The total cost of this server was around $21K in mid 2019.  This system were deployed to ESnet in mid/late 2020. Please note that specifics on configuration will be available after full evaluation.  Note that this server uses VROC, and requires the purchase of a premium license.  

Configuration Details

Hardware description

  • Base System: Gigabyte R281-NO0 dual socket P 2U server
    • Onboard: VGA, 2 x GbE RJ45 Intel i350, IPMI dedicated LAN
    • 24 x front access U.2 hotswap bays
    • 2 x rear access 2.5” SATA hotswap bays
    • Dual redundant hotswap 1600W PSU

  • 2 x Intel Cascade lake Xeon Gold 6246
    • 12 cores each
    • 3.3GHz 165W TDP processor
  • 12 x 16G DDR4 2933 ECC RDIMM (192G total)
  • 10 x Intel P4610 1.6TB U.2/2.5” PCIe NVMe 3.0 x4 Drives (connect directly to CPU for VROC)
  • 2 x Enterprise 960G 2.5“ SATA SSD (OS, onboard Intel SATA Raid 1)
  • VIntel® Virtual RAID On CPU (VROC) RAID 0, 1, 10, 5
  • Mellanox ConnectX-5 EN MCX516A-CCAT 40/50/100GbE dual-port QSFP28 NIC

System Block Diagram

Screen Shot 2019 08 05 at 10.07.51 AM

Preliminary System Performance

Initial system performance was evaluated utilizing two identical units, and a topology that consisted of:

  • Back to back 40Gbps active cable
  • 40Gbps local to 100Gbps WAN connection(s) with an RTT of 40ms (Berkeley CA to Chicago IL, round trip)

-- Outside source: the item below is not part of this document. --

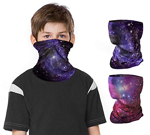 2 PCS Kids Face Mask Neck Gaiters Full-Coverage Bandanas Headband Tube Neck for Boys Girls, School Supplies for Kids(A Galaxy 3, 11-14T/9.0514.17inch)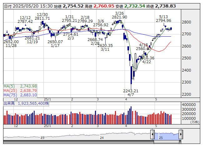 TOPIX <日足> 「株探」多機能チャートより日本取引所が公表した先物手口情報によると、5月20日のTOPIX先物期近(2025年6月限)の夜間取引(立会内・J-NETの合算)で、取引高トップはABNクリアリン証券の9832枚だった。

The testing was performed on Ubuntu 18.04 using XFS on mdraid with O_DIRECT and standard POSIX I/O. The file sizes varied between 256 GB and 1T with consistent results between file sizes, as well as consistent results when writing pseudo-random data vs all-zeroes. Testing revealed it was possible to maintain a sustained total of 80Gbps on both connections of the NIC.  Future testing will focus on the use of 100Gbps cable cables and optics.  

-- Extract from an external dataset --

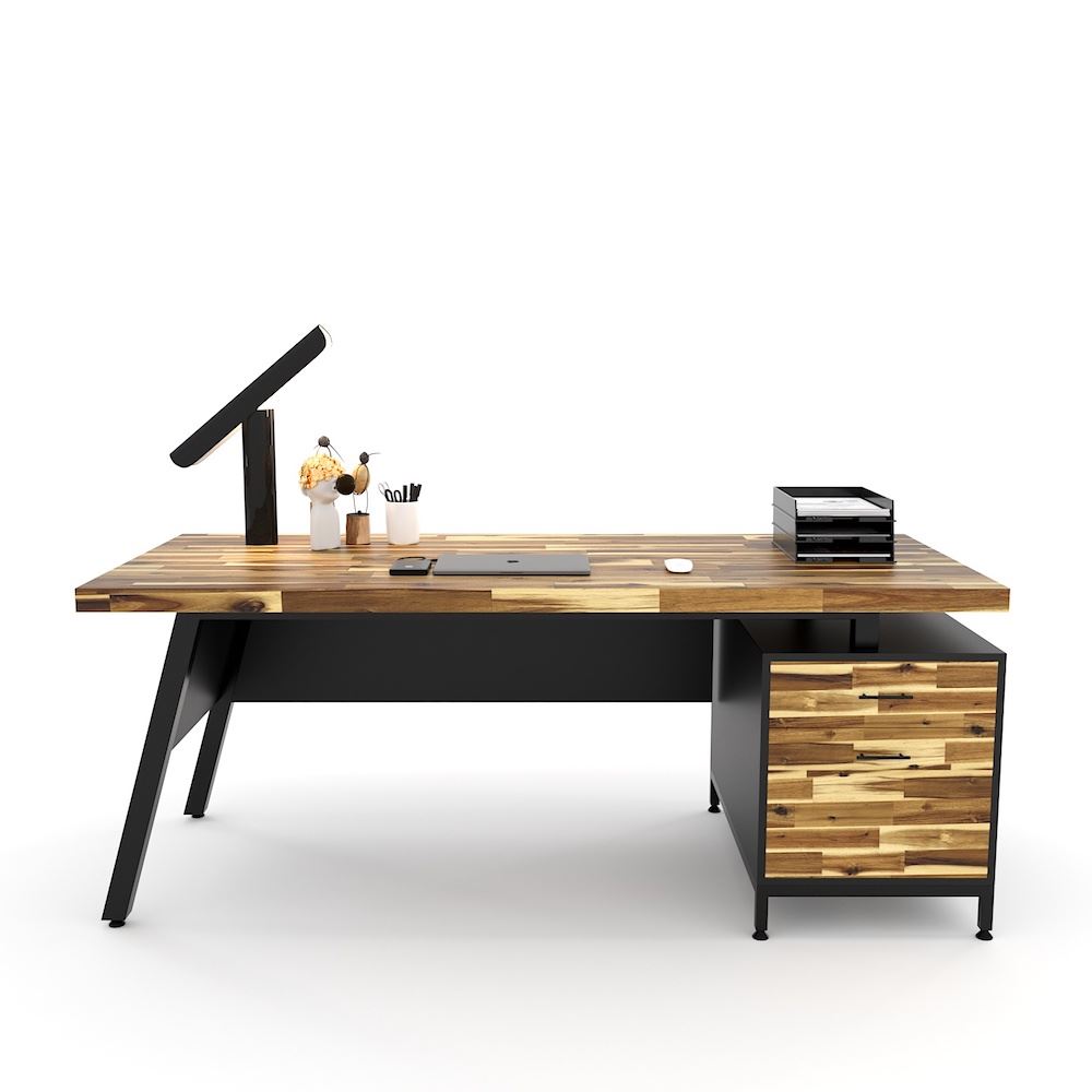 Bàn giám đốc 180x80cm chân bàn kết hợp tủ BGD68058 với mặt bàn GỖ TRÀM dày 25mm tiêu chuẩn AA được xử lý PU hoàn thiện cho bề mặt sản phẩm rất đẹp mắt kết hợp với khung chân được làm từ sắt vuông 50mm sơn tĩnh điện cao cấp bền bỉ theo thời gain. Chân bàn bên phải kết hợp tủ 2 ngăn kéo tăng không gian lưu trữ mà không tốn nhiều diện tích nên những mẫu bàn làm việc kết hợp chân tủ được nhiều khách hàng yêu thích và lựa chọn sử dụng cho không gian làm việc của mình.

The test systems have employed several disk configurations:

The disk configuration is somewhat more complicated.

  • Using RAID-0, the best results were 126 Gbps write and 140 Gbps read with 8 disks on a single controller (PCIe multiplexor).
    • Current research is to increase the number of disks to 10 (with hopes of getting 155Gbps of raw performance) through re-arranging the disk placement on the PCIe multiplexor
    • PCIe bandwidth is roughly 1 GBps per PCIe lane, thus balancing across multiple drives is required to ensure peak performance.
  • The best preliminary storage results with parity are using mirroring in a RAID-10. The raw performance (to disk) is the same as above, but the effective write performance drops to about 60Gbps due to the resiliency requirements.  

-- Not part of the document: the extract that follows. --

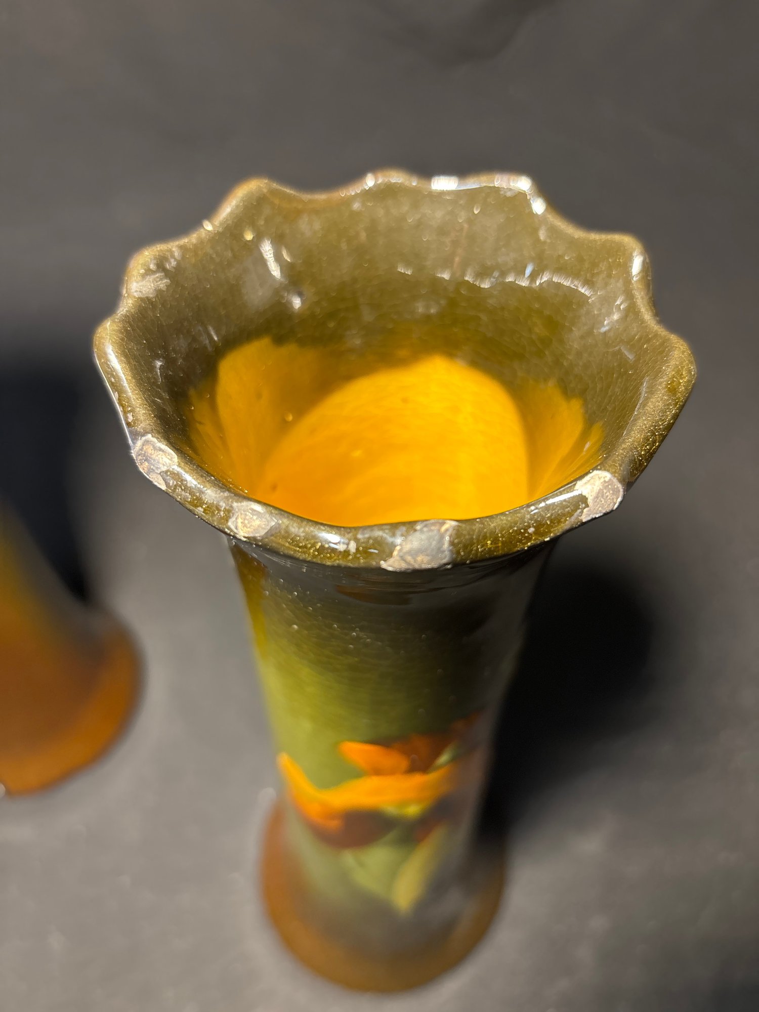 Notes: One vase has a repaired crack on top, damage to bottom of vase. Both have chips (see photos)

Testing has revealed that not all 12 cores (on a single chip) are activated regularly, unless the degree of parallelism increases.  Busy DTN requirements will push up this requirement.  Populating all memory channels in the RAM configuration also ensures peak performance, as the system is able to fully utilize and balance load as needed.